The Lenten Season
PRAYER: The center of the Church’s entire liturgical year is the Scared Triduum, one feast comprised of three days. The entire Lenten season is devoted to preparation for this great celebration of the Paschal Mystery. You will note that Lent is marked by a starkness and simplicity: few if any decorations or flowers adorn the church, there is no Gloria at Mass, the Alleluia is omitted, and we will gather for Mass in silence, as a way of emphasizing the somber nature of the sacred season.
One commitment each of us should make is to take some time each day for prayer and meditation. Maybe make a commitment to get to daily Mass once or twice during the week (our daily Masses at 7:00 am and 5:30 pm can accommodate most work schedules and last about 25 minutes). In terms of daily prayer, start small. Five or ten minutes. And be faithful to it. And watch it grow. The key is regularity and the development of habit.
You may also want to explore the Liturgy of the Hours, the official prayer of the Church, which unites us to the prayer of Catholics throughout the world; copies are available in church near the Lady altar for any parishioner to use or you may try the free
iBreviary App on your smartphone. Or perhaps try lectio divina, the slow, meditative reading of Scripture (try the Sunday or weekday readings from Mass): read the passage slowly, then spend time mulling it over.
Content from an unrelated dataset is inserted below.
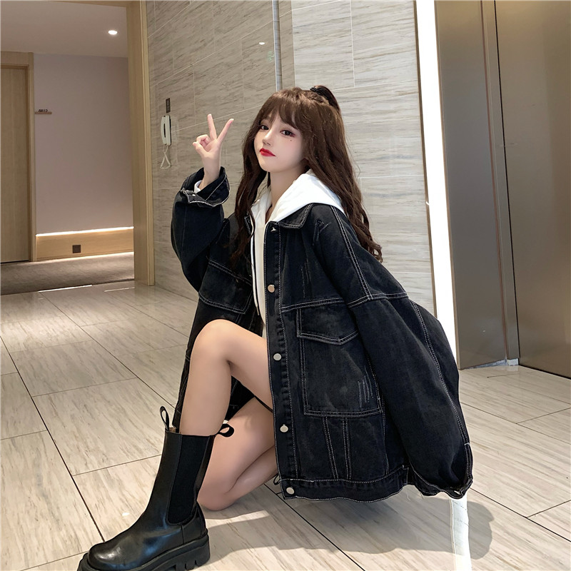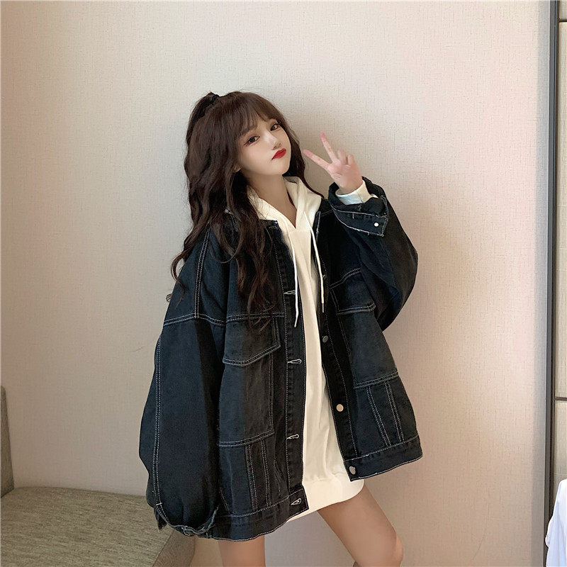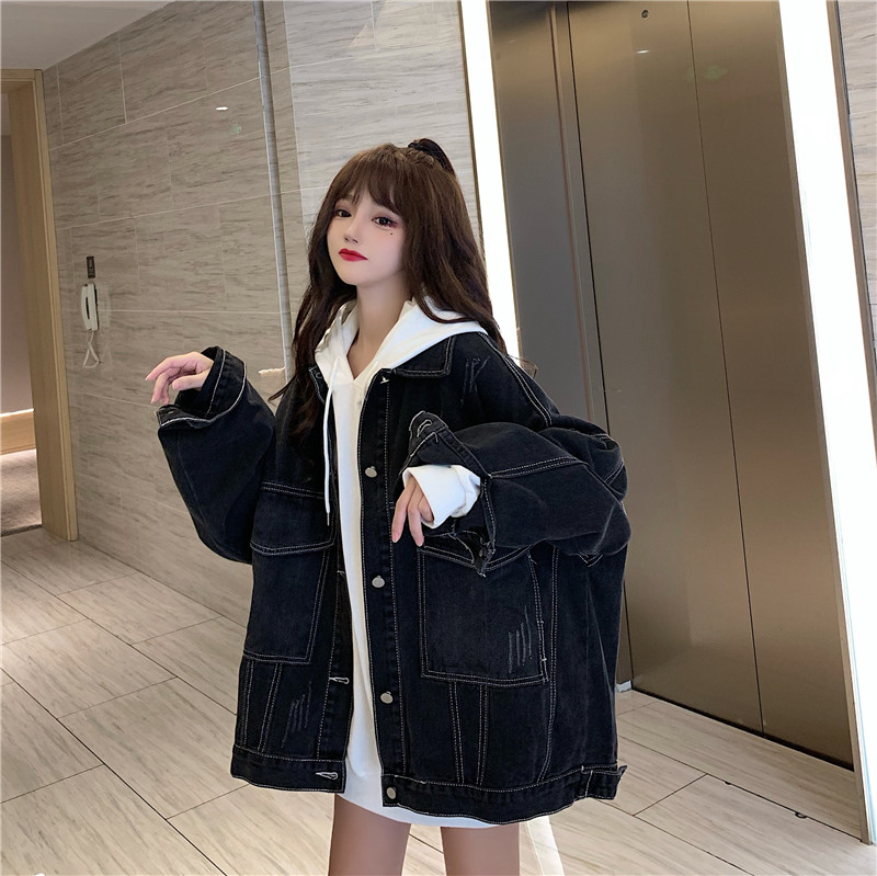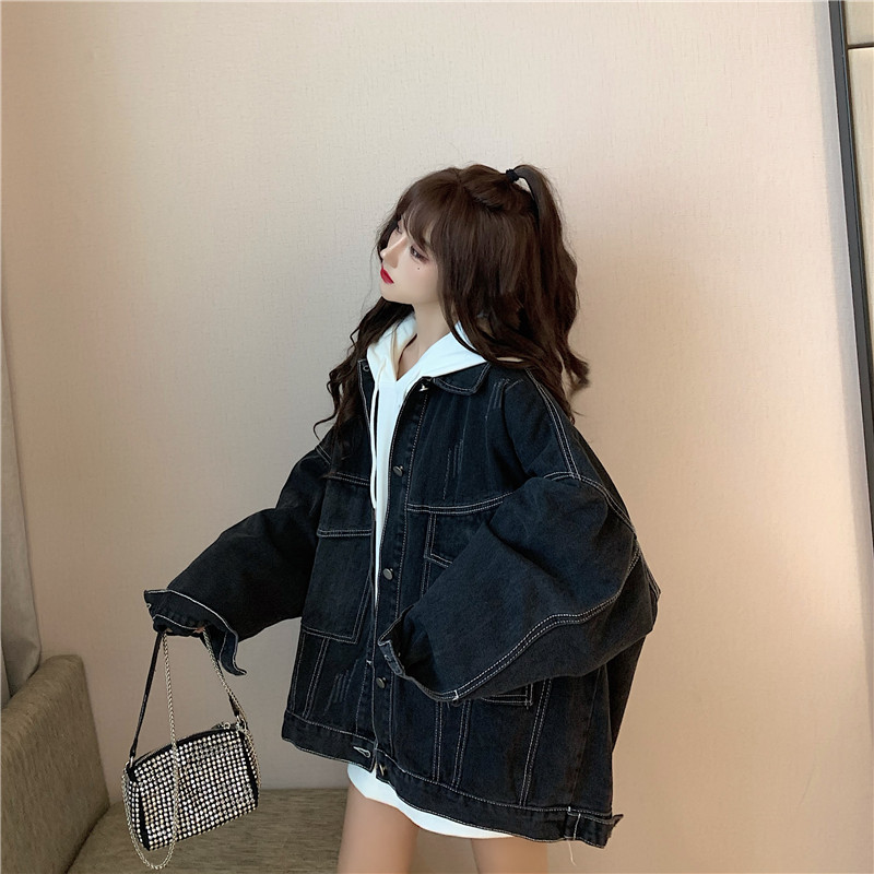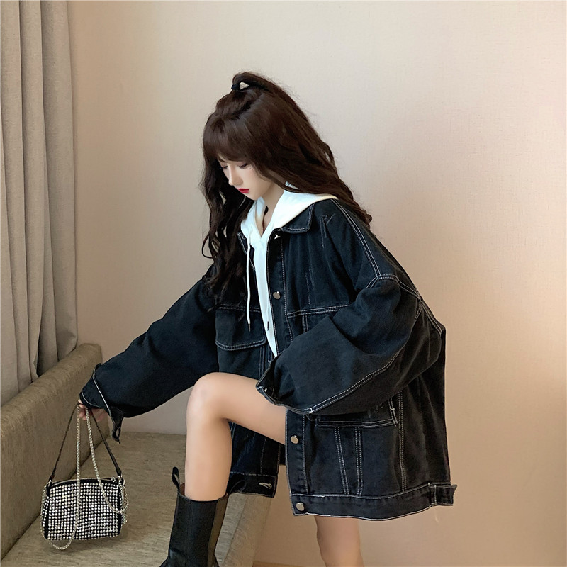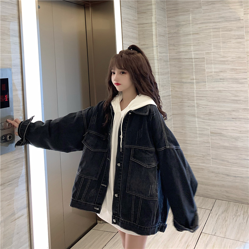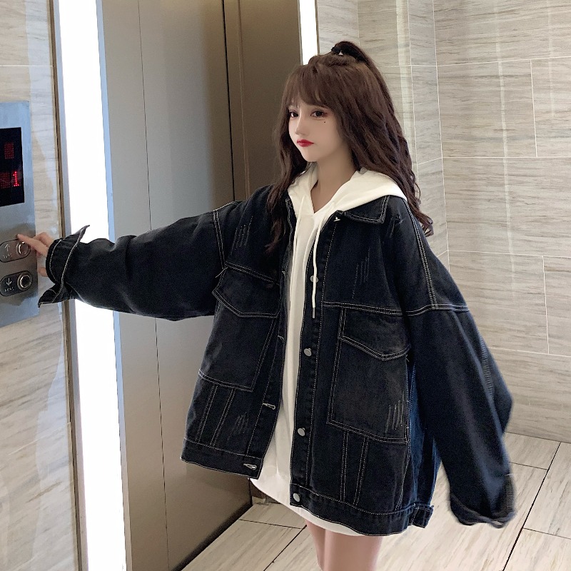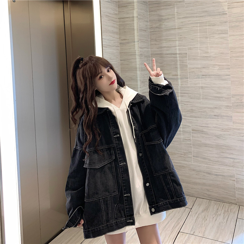 大口袋黑色牛仔外套女ins潮寬鬆韓版bf慵懶風春秋季夾克oversize

RCIA—On the Third, Fourth, and Fifth Sundays of Lent, the Scrutinies will be celebrated at the 9:00 or 11:00 am Masses. These are ancient rites in which solemn prayers are said over the Catechumens, asking for their liberation from the power of sin and darkness and so readying them for Easter Sacraments. For those already baptized but not yet in full communion with the Catholic Church, a special Penitential Rite will be celebrated on the Second Sunday of Lent. On the Fifth Sunday of Lent, the statues in the church are covered and other sacred images removed until the Easter Vigil, as a sign of the intensity of preparation for the coming celebration of the Passion, hence the term Passiontide (Read Hebrews 12).
FASTING: Central to the Church’s Lenten tradition is the ancient practice of fasting. There are only two obligatory fast days in the Church’s calendar: Ash Wednesday and Good Friday. Catholics age 18 to 59 are required fast— to eat only one full meal on these days, and may supplement this with one or two smaller meals (together not equaling the size of the first). Abstinence, required of all Catholics 14 and older, is obligatory on Ash Wednesday, Good Friday, and all Fridays of Lent; no meat is to be consumed on these days. Some individuals, following more ancient custom, abstain from meat throughout the season of Lent. Within the tradition, when fasts were more severe, Sunday was a day on which the sacrifices made during Lent could be relaxed (Read Isaiah 58).
ALMSGIVING: The third ancient pillar of Lenten renewal is almsgiving: the gift of support, monetary and otherwise, to the poor. As a parish, we will take a second collection each Sunday of Lent to assist local charitable organizations, groups who are committed to the corporal and spiritual works of mercy; this will be our communal act of almsgiving. You are encouraged also individually to make a gift to those in need, to who we are obligated by our share in the Eucharist (Read Luke 16).